5.3 Bij arrest van 22 oktober 2009 in zaak C-449/08 heeft het Hof van Justitie van de Europese Gemeenschappen naar aanleiding van door het College gestelde prejudiciële vragen over het in artikel 17, eerste lid, onder b, vermelde drempelbedrag van € 500.-- het volgende geantwoord en voor recht verklaard:
“1) Artikel 42, lid 4, van verordening (EG) nr. 1782/2003 van de Raad van 29 september 2003 tot vaststelling van gemeenschappelijke voorschriften voor regelingen inzake rechtstreekse steunverlening in het kader van het gemeenschappelijk landbouwbeleid en tot vaststelling van bepaalde steunregelingen voor landbouwers (…), moet aldus worden uitgelegd dat deze bepaling de lidstaten de ruimte laat om een referentiebedrag van 0 EUR vast te stellen en om geen toeslagrechten uit de nationale reserve toe te wijzen aan een landbouwer die zich bevindt in een bijzondere situatie als bedoeld in artikel 21 van verordening (EG) nr. 795/2004 van de Commissie van 21 april 2004 houdende bepalingen voor de uitvoering van de bedrijfstoeslagregeling waarin is voorzien bij verordening (EG) nr. 1782/2003, zoals gewijzigd bij verordening (EG) nr. 1974/2004 van de Commissie van 29 oktober 2004, voor zover dat bedrag is gebaseerd op objectieve criteria, geen afbreuk doet aan de gelijke behandeling van de landbouwers en niet leidt tot markt- en concurrentieverstoringen.
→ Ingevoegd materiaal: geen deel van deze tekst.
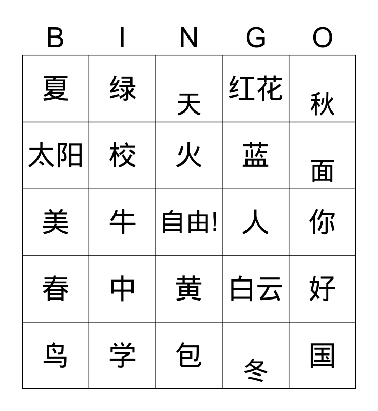 This bingo card has a free space and 24 words: 中, 学, 火, 鸟, 秋, 夏, 太阳, 绿, 人, 黄, 蓝, 美, 白云, 好, 校, 冬, 你, 天, 面, 牛, 国, 春, 红花 and 包.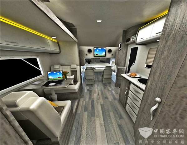 这次我们要体验的是C型旅居房车,外观时尚、室内设计优异、空间更是充裕。这是一辆6座的双拓展房车。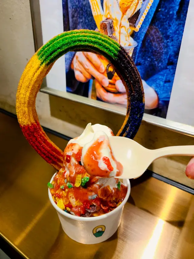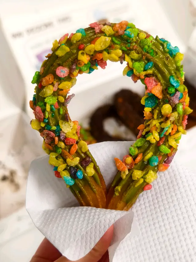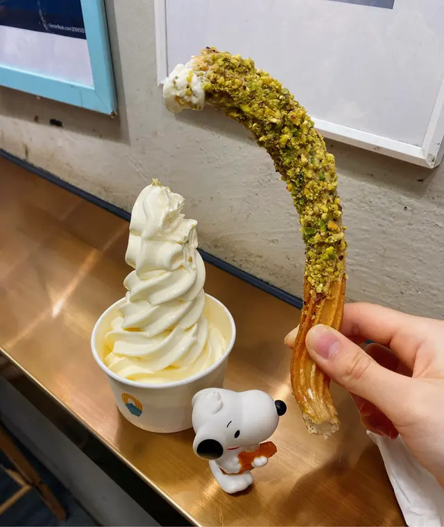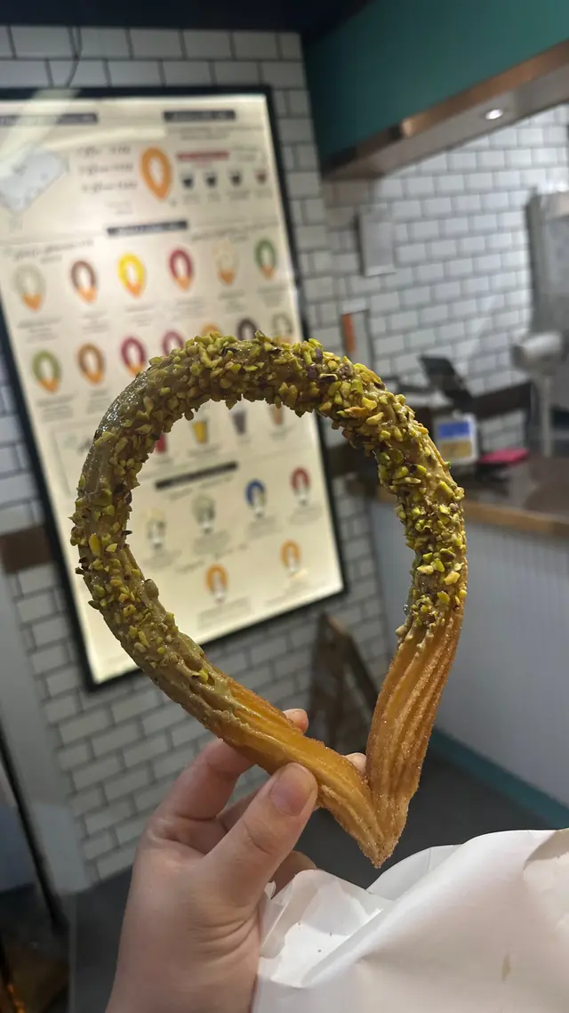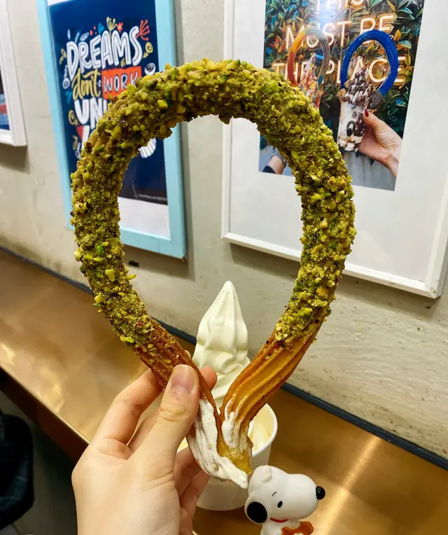 I was craving some snacks, noticed this shop having a long queue. Didn’t know what the hype was about until I tried for myself. Tried 4 different flavors, the pistachio crunch stood out. Damn it was amazing. Fresh crispy churro, dipped in pistachio cream with crumbs. Truly worth the wait. Marshmallow one was quite good too. Definitely would revisit the shop if I had the chance. Kudos to the shop 💯…查看更多

2) Het gemeenschapsrecht verzet zich niet tegen de toepassing van een nationale bepaling, ingevolge waarvan op een toename van het bedrag aan extra betalingen die als gevolg van een investering in productiecapaciteit of een aankoop van grond ontstaat, een bedrag van 500 EUR in mindering wordt gebracht, voordat een referentiebedrag wordt vastgesteld op grond waarvan toeslagrechten uit de nationale reserve worden toegewezen.”
Op grond van dit arrest kan het College slechts vaststellen dat de toepasselijke Europese regelgeving er niet aan in de weg staat dat verweerder bij de vaststelling van het voor appellanten berekende extra referentiebedrag het drempelbedrag van
€ 500.-- heeft betrokken.
5.4 Het voorgaande leidt tot de slotsom dat het beroep ongegrond dient te worden verklaard.
Voor een proceskostenveroordeling ziet het College geen aanleiding.
6. De beslissing
Het College verklaart het beroep ongegrond
Aldus gewezen door mr. F. Stuurop, in tegenwoordigheid van mr. F.W. du Marchie Sarvaas als griffier, en uitgesproken in het openbaar op 28 april 2010.